Matskevich Alexey A, Cordelier Pierre, Strayer David S
Department of Pathology and Cell Biology, Jefferson Medical College, Philadelphia, PA 19107.
J Interferon Cytokine Res. 2003 Dec;23(12):709-21. doi: 10.1089/107999003772084824.
Chronic infection with hepatitis B virus (HBV) has potentially devastating consequences and is very difficult to treat. Therapy with recombinant interferons (IFN), especially IFN-alpha, may be effective. The blood IFN-alpha levels that are needed to maintain therapeutic IFN-alpha levels in the liver, however, often cause severe side effects. Gene delivery to the liver may provide a solution. Using a long-term expression construct could provide the desired levels of IFN locally without the need to maintain potentially problematic blood levels. Recombinant, Tag-deleted SV40-derived vectors transduce hepatocytes efficiently and provide permanent transgene expression. We designed an expression construct that was effective against HBV and whose activity was limited to HBV-infected cells. To do this, we exploited the ability of HBV X protein to activate NF-kappaB and, via NF-kappaB, to activate promoter activity of HIV long terminal repeat (LTR) in hepatocytes. Using HIVLTR as a conditional promoter upstream of human and murine IFN-alpha and IFN-gamma cDNAs, rSV40 vectors were used to test the responsiveness of IFN to HBV and the ability of these IFNs to inhibit HBV transcripts and protein production and to activate IFN signaling in neighboring untransduced cells. We found that in hepatocyte cell lines and in primary hepatocytes, HBV activated the promoter activity of the HIVLTR via NF-kappaB. When whole HBV genome was delivered to cells by transfection to simulate HBV infection, IFN expression was activated, IFNs were produced and secreted, and they protected cells from HBV. Levels of IFN proteins that were secreted in this context were comparable to targeted blood levels needed to control chronic hepatitis viral infection. Further, IFNs that were elicited and secreted in this manner were able to activate IFN-induced signaling pathways in neighboring, untransduced cells and so were likely to provide protection even to cells that the rSV40 vector did not transduce.
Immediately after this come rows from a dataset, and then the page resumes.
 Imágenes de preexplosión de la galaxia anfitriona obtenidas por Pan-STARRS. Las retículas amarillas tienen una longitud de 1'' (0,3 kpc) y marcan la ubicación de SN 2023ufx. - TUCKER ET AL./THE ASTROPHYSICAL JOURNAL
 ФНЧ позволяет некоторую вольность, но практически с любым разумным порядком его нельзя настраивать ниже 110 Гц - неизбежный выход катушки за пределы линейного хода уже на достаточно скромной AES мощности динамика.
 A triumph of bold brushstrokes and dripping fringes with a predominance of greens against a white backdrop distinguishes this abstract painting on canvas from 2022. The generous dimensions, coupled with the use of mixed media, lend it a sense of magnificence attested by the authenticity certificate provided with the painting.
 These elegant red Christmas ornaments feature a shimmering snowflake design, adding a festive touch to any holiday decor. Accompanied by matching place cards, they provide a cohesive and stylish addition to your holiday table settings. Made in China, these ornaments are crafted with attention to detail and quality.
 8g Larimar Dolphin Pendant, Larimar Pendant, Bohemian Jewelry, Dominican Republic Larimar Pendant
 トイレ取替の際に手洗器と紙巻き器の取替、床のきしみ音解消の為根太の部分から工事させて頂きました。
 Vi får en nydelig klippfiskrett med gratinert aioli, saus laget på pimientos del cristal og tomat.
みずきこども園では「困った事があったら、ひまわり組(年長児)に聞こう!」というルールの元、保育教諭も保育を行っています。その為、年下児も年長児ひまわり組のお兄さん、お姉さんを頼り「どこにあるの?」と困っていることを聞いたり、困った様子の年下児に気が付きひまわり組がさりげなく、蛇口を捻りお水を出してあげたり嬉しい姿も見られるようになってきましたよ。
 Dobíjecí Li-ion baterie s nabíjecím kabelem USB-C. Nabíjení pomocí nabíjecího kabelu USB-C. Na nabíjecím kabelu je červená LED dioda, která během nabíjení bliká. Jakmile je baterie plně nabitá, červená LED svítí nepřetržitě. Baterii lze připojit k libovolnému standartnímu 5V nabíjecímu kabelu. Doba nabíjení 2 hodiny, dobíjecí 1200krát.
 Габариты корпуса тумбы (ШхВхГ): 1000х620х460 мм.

Gene delivery using such rSV40 vectors expressing IFNs conditionally in response to HBV may be an attractive therapeutic option for the treatment of chronic hepatitis B.
慢性乙型肝炎病毒(HBV)感染可能产生毁灭性后果,且极难治疗。使用重组干扰素(IFN)进行治疗,尤其是干扰素-α,可能有效。然而,维持肝脏中治疗性干扰素-α水平所需的血液干扰素-α水平常常会引发严重的副作用。向肝脏进行基因传递或许能提供一种解决方案。使用长期表达构建体可以在局部提供所需水平的干扰素,而无需维持可能存在问题的血液水平。重组的、缺失标签的SV40衍生载体能高效转导肝细胞并实现转基因的永久表达。我们设计了一种对HBV有效的表达构建体,其活性仅限于HBV感染的细胞。为此,我们利用了HBV X蛋白激活核因子κB(NF-κB)的能力,并通过NF-κB激活肝细胞中HIV长末端重复序列(LTR)的启动子活性。将HIV LTR作为人及小鼠干扰素-α和干扰素-γ cDNA上游的条件性启动子,利用重组SV40载体来测试干扰素对HBV的反应性,以及这些干扰素抑制HBV转录本和蛋白质产生并激活邻近未转导细胞中干扰素信号传导的能力。我们发现,在肝细胞系和原代肝细胞中,HBV通过NF-κB激活HIV LTR的启动子活性。当通过转染将完整的HBV基因组导入细胞以模拟HBV感染时,干扰素表达被激活,干扰素产生并分泌,它们保护细胞免受HBV感染。在此情况下分泌的干扰素蛋白水平与控制慢性肝炎病毒感染所需的目标血液水平相当。此外,以这种方式引发和分泌的干扰素能够激活邻近未转导细胞中的干扰素诱导信号通路,因此甚至可能为重组SV40载体未转导的细胞提供保护。使用这种响应HBV条件性表达干扰素的重组SV40载体进行基因传递,可能是治疗慢性乙型肝炎的一种有吸引力的治疗选择。